Start of Exercise material
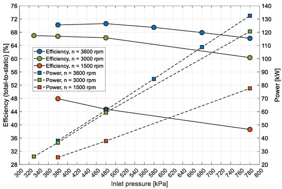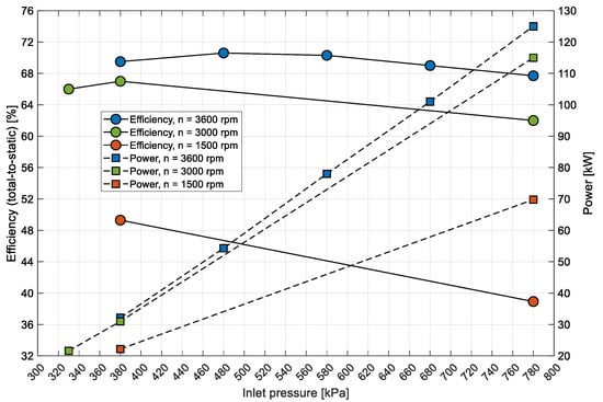 Comparison of efficiency and power output at varying inlet pressures and rotational speeds.
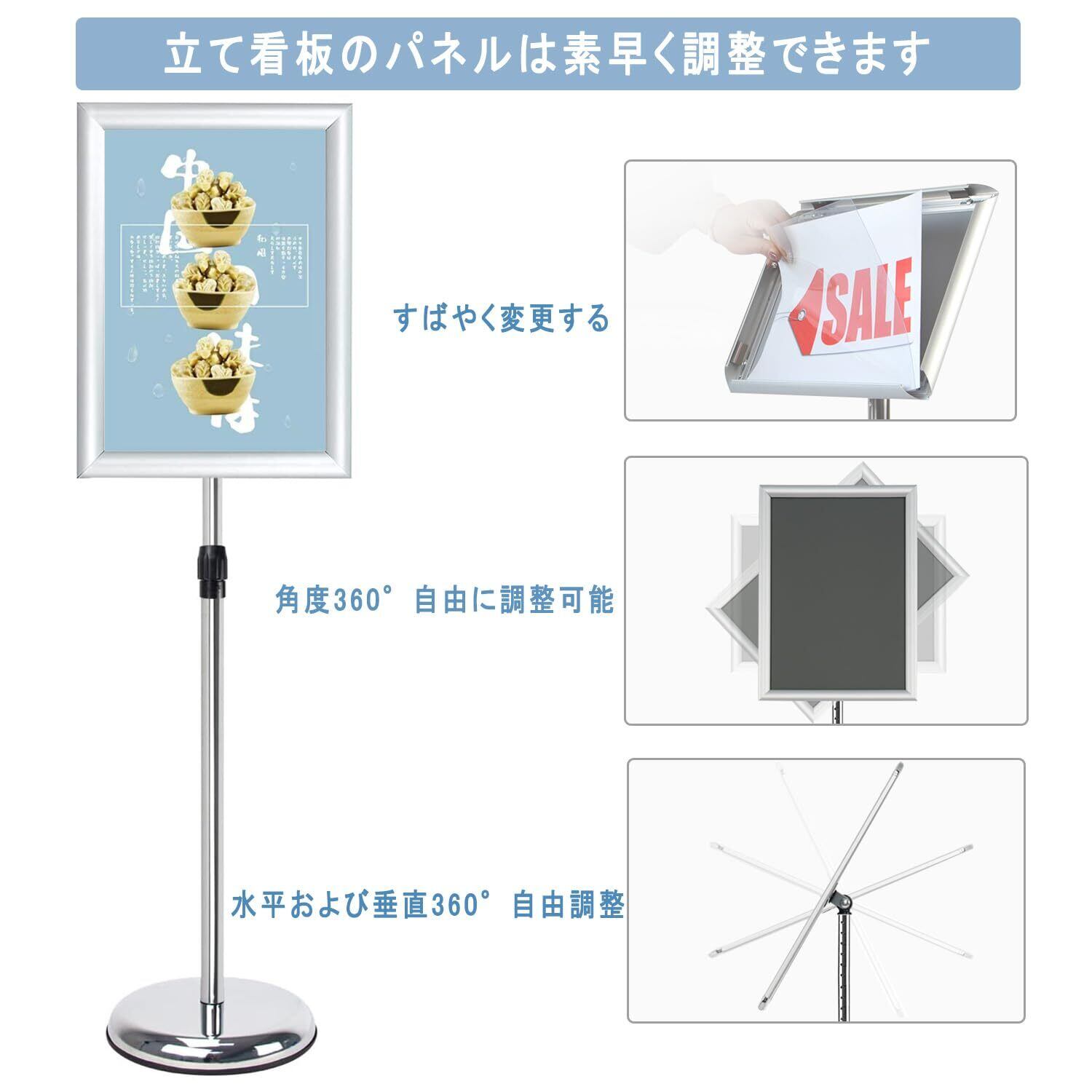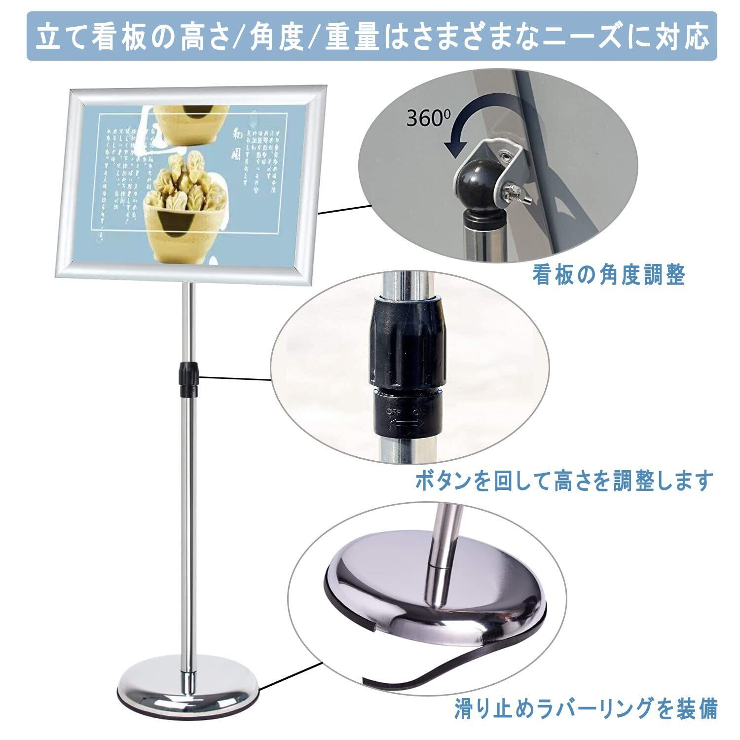 案内板 アルミ掲示板 立て看板 スタンドボード 伸縮メニューボード イベントの案内表示お板 会社案内情報板 (シルバー A3)
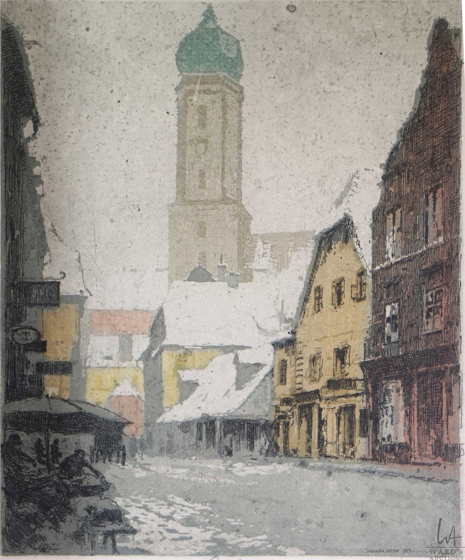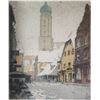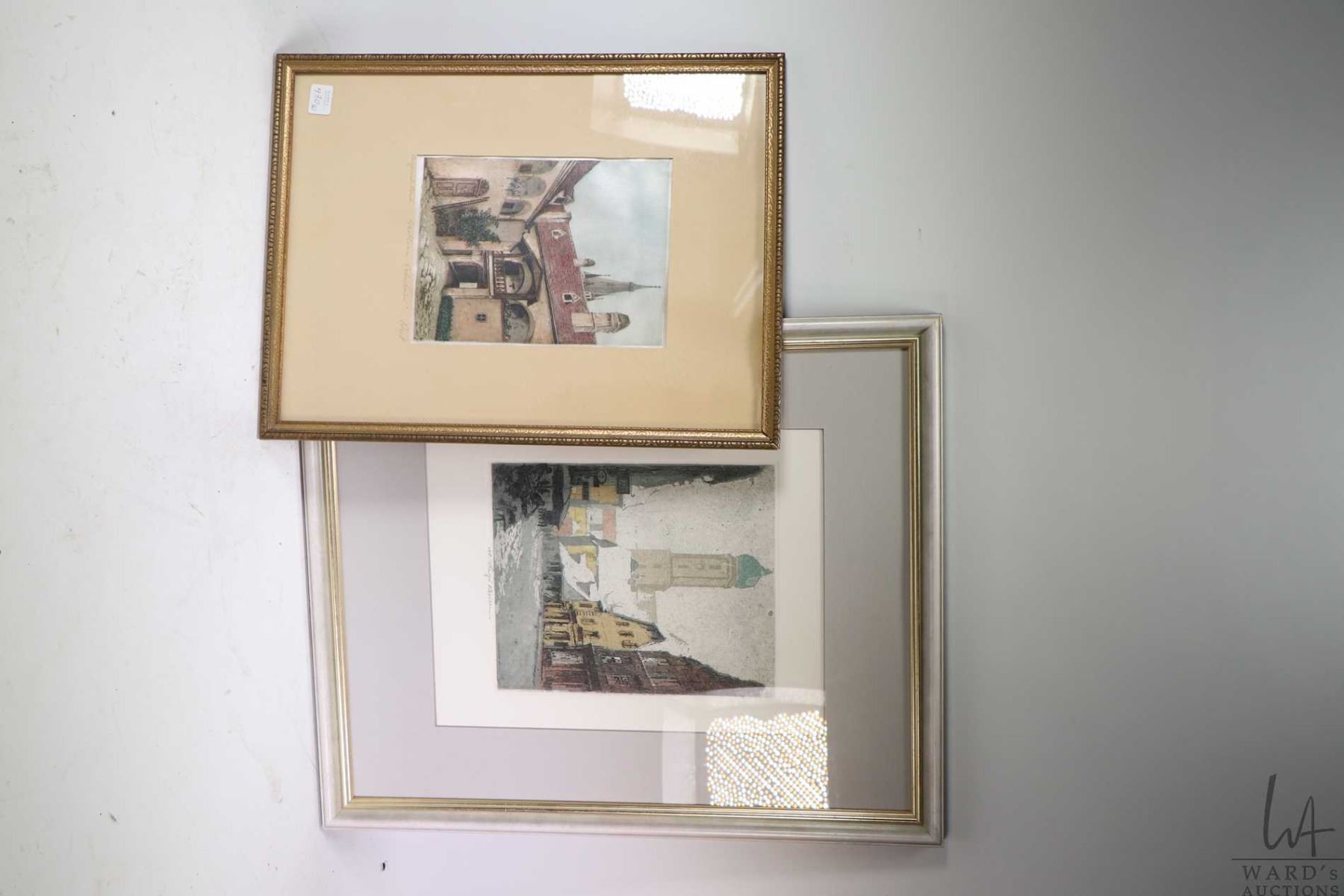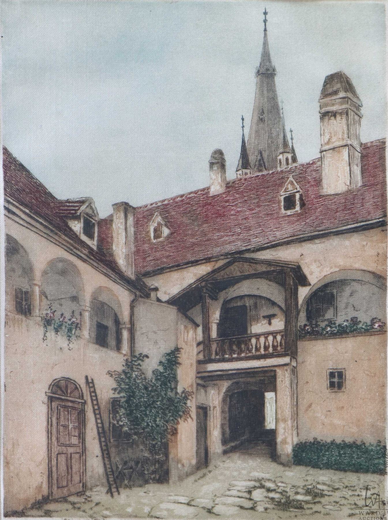 Framed painting on silk titled "Original Road, Beethoven Hohnhaus (?)" plus a coloured etching labelled on verso " Dem Jubelpaar zur Goldenen Hochzeit"
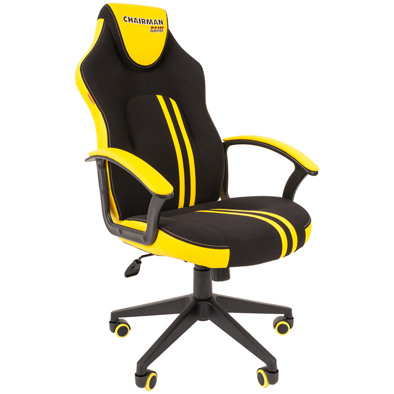 Кресло компьютерное СН GAME 17, ткань TW/экокожа, черное/желтое, 7028515
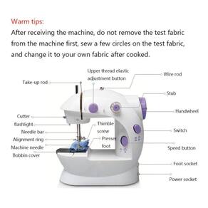 Sobre o Produto: 2 linhas de design: design de costura, tem linha de fundo e linha de superfície. Proporciona uma costura estável e de alta qualidade para todos os seus projetos, pode costurar em qualquer tecido. Velocidade Dupla: Baixa ou alta velocidade, a velocidade pode ser ajustada para que novatos, crianças ou um mestre possam operá-la facilmente. Interruptor duplo: Pode escolher o interruptor de mão ou pedal. Por favor, certifique-se de ler as instruções antes de usar a máquina de costura, a operação errada fará com que o fio fique preso, com que a agulha quebre ou até mesmo fazer com que o produto não funcione.
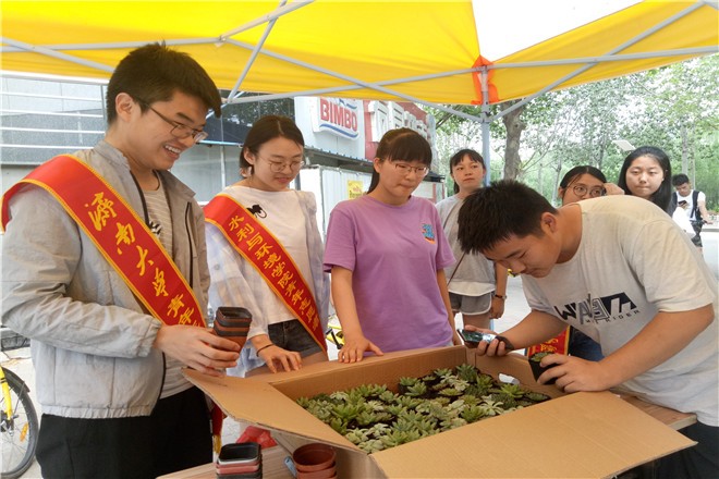 在世界环境日来临之际,为了传递环保理念,积极响应6.5世界环境日主题,鼓励大学生亲身参与绿色植物种植行动,积极唤醒全国大学生环保意识,6月2日上午十时,德赢VWIN学院青年志愿者协会在八食广场开展“生态创建携手共进,绿色生活你我同行”绿植领养活动。
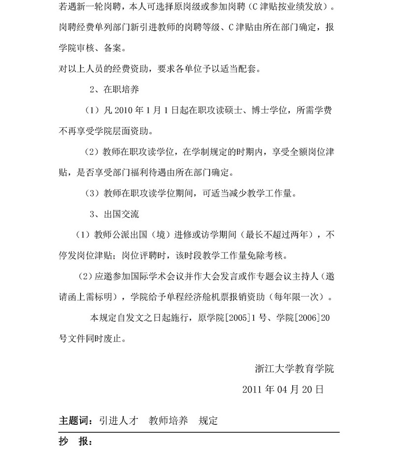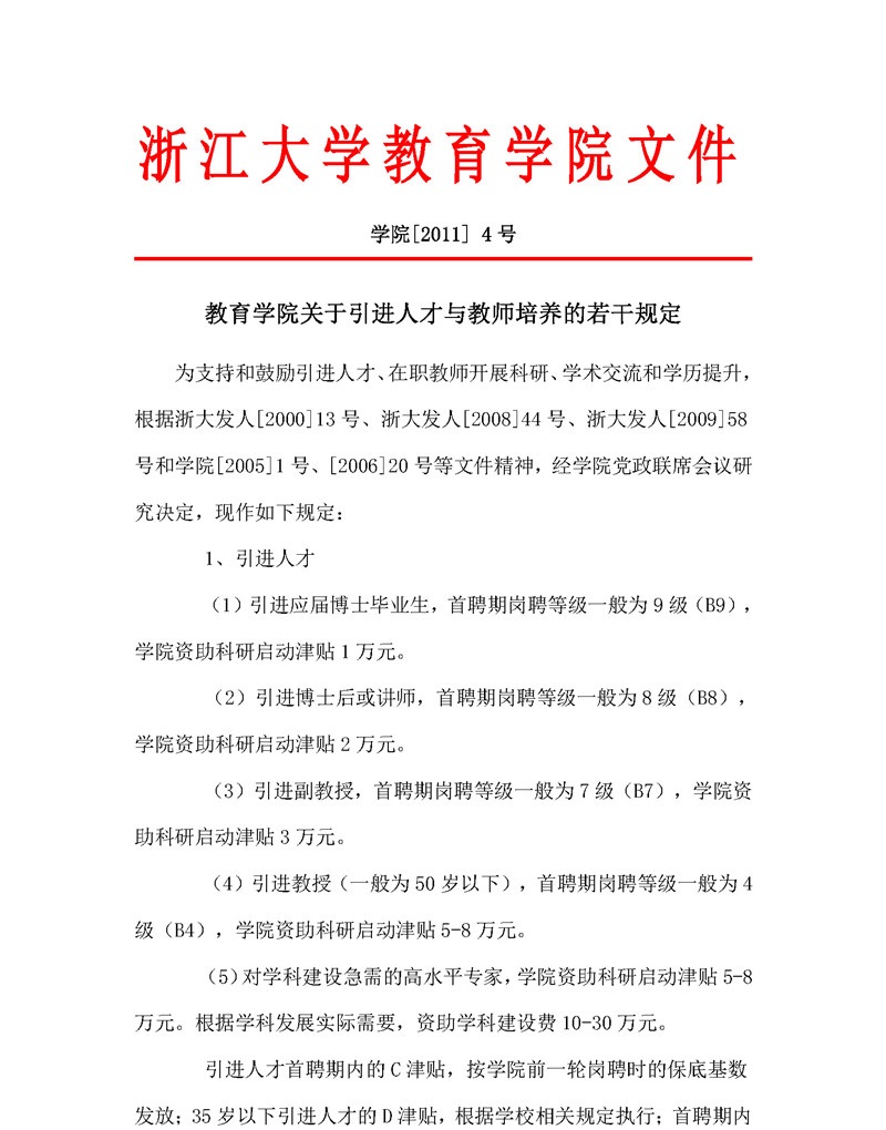 学院〔2011〕4号:教育学院关于引进人才与教师培养的若干规定
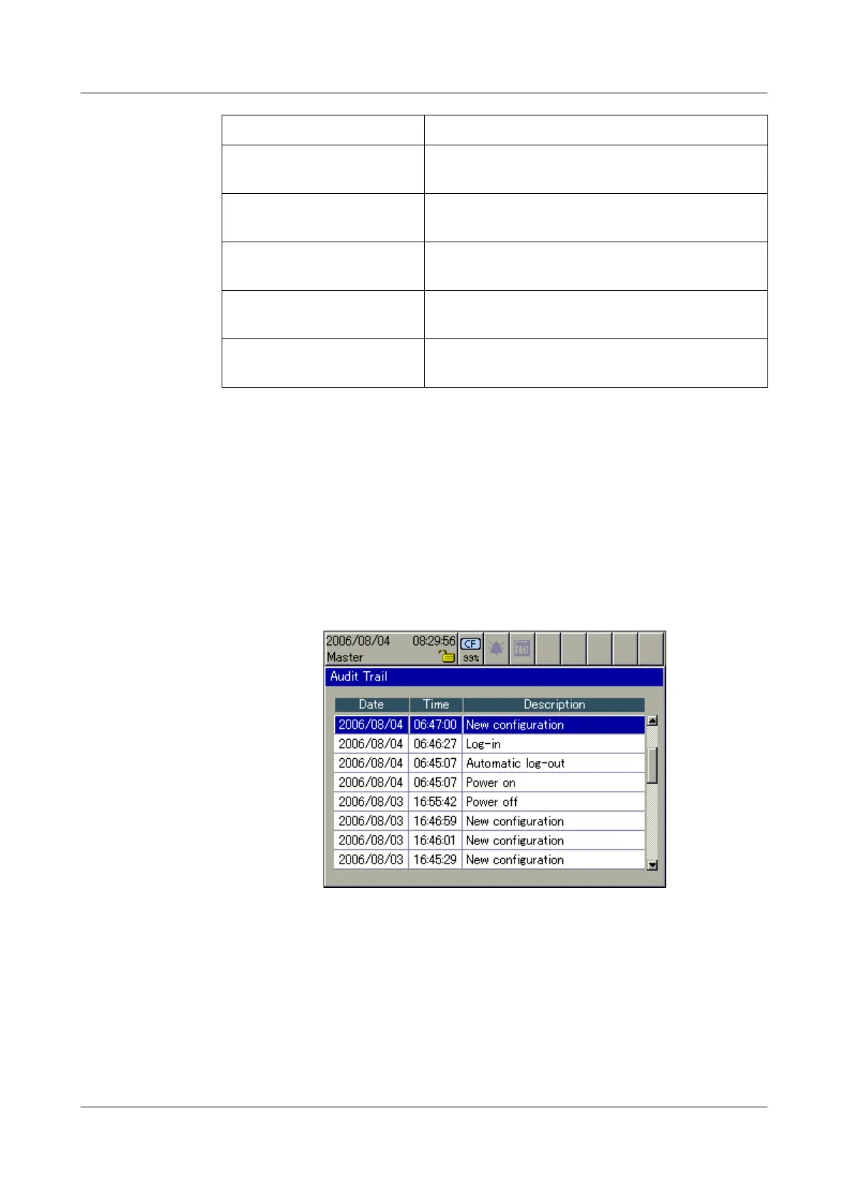The audit trail contains a log of all user actions on the recorder.
End of Exercise material
* [Try it]: Set down exactly the lines between the line containing "学院〔2011〕4号:教育学院关于引进人才与教师培养的若干规定" and the end of the records above, both ends included; pictures stay out.

* [Response to the exercise]:
 学院〔2011〕4号:教育学院关于引进人才与教师培养的若干规定
The audit trail contains a log of all user actions on the recorder.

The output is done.